Items from a dataset:

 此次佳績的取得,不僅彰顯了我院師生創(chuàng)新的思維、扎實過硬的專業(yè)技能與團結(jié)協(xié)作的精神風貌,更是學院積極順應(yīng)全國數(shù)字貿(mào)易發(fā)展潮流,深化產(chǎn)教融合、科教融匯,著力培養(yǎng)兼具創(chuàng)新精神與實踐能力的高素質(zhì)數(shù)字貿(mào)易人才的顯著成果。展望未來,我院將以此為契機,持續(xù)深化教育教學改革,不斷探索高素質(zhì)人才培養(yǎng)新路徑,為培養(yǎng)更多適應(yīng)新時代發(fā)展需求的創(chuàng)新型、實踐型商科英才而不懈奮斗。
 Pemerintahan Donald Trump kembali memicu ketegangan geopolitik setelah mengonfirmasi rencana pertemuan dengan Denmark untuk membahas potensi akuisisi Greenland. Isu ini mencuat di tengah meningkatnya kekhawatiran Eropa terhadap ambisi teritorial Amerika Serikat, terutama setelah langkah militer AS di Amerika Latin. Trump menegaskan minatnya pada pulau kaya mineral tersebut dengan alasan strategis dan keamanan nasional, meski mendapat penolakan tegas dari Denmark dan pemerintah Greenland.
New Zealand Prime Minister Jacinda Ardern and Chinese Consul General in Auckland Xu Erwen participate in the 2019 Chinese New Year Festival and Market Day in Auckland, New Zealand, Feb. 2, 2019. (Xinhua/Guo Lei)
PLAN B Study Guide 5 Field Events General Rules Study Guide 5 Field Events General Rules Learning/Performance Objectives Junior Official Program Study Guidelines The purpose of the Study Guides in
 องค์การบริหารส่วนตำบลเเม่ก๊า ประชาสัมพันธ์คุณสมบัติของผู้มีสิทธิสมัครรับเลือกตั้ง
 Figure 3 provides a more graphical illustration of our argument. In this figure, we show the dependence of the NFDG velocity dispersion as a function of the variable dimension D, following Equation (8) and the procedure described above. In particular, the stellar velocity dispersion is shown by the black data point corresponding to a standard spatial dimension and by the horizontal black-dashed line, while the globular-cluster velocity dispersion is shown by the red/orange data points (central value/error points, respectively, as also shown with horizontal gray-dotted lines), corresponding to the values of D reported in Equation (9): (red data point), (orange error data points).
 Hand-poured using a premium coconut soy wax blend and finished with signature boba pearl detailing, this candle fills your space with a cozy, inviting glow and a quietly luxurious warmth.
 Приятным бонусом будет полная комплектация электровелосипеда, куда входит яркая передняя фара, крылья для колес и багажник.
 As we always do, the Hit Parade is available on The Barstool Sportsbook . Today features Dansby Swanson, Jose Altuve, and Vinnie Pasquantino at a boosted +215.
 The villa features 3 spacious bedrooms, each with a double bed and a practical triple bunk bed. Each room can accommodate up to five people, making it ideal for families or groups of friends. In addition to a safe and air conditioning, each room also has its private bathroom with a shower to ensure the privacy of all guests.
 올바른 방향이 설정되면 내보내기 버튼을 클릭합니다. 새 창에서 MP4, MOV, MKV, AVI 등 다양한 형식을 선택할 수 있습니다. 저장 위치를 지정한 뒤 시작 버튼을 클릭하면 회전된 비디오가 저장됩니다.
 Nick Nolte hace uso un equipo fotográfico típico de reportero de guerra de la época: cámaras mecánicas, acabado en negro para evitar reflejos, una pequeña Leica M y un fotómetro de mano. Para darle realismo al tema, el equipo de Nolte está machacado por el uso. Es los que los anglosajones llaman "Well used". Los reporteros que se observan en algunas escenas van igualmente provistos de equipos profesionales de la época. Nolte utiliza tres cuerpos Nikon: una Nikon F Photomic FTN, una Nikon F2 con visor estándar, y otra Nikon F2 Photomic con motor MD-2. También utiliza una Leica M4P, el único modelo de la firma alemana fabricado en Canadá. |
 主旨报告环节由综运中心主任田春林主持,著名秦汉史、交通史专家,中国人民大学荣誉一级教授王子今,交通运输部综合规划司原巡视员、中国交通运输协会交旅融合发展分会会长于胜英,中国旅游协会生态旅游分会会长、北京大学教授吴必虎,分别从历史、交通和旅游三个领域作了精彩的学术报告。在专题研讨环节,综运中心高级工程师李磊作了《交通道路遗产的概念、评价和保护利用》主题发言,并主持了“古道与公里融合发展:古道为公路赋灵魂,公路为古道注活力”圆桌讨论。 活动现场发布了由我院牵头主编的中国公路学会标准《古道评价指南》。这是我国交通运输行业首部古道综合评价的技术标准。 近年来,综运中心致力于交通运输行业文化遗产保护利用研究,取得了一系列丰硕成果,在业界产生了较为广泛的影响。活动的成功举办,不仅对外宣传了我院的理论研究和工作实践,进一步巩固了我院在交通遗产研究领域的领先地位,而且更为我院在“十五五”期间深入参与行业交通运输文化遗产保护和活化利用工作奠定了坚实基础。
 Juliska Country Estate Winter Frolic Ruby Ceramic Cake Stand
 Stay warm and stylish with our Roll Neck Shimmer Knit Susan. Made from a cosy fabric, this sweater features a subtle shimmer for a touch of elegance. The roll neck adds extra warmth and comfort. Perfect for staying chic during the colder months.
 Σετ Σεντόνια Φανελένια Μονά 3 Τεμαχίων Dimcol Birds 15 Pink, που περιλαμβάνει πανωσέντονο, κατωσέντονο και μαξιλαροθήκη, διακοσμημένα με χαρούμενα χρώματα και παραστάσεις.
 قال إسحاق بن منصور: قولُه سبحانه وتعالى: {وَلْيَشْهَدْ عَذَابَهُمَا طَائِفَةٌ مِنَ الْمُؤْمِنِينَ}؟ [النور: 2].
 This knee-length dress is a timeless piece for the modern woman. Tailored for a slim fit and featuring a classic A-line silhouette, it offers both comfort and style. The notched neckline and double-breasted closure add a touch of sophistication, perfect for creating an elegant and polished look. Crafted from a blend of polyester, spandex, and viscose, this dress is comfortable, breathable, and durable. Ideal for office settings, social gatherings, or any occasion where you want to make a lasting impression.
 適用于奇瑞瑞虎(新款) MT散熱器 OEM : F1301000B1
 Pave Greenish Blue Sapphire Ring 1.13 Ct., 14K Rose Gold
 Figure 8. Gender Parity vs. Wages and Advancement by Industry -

(EXERCISE DIRECTIONS):
Pull out every line of the entries that includes the word "General".

(ANSWER TO THIS PROBLEM):
New Zealand Prime Minister Jacinda Ardern and Chinese Consul General in Auckland Xu Erwen participate in the 2019 Chinese New Year Festival and Market Day in Auckland, New Zealand, Feb. 2, 2019. (Xinhua/Guo Lei)
PLAN B Study Guide 5 Field Events General Rules Study Guide 5 Field Events General Rules Learning/Performance Objectives Junior Official Program Study Guidelines The purpose of the Study Guides in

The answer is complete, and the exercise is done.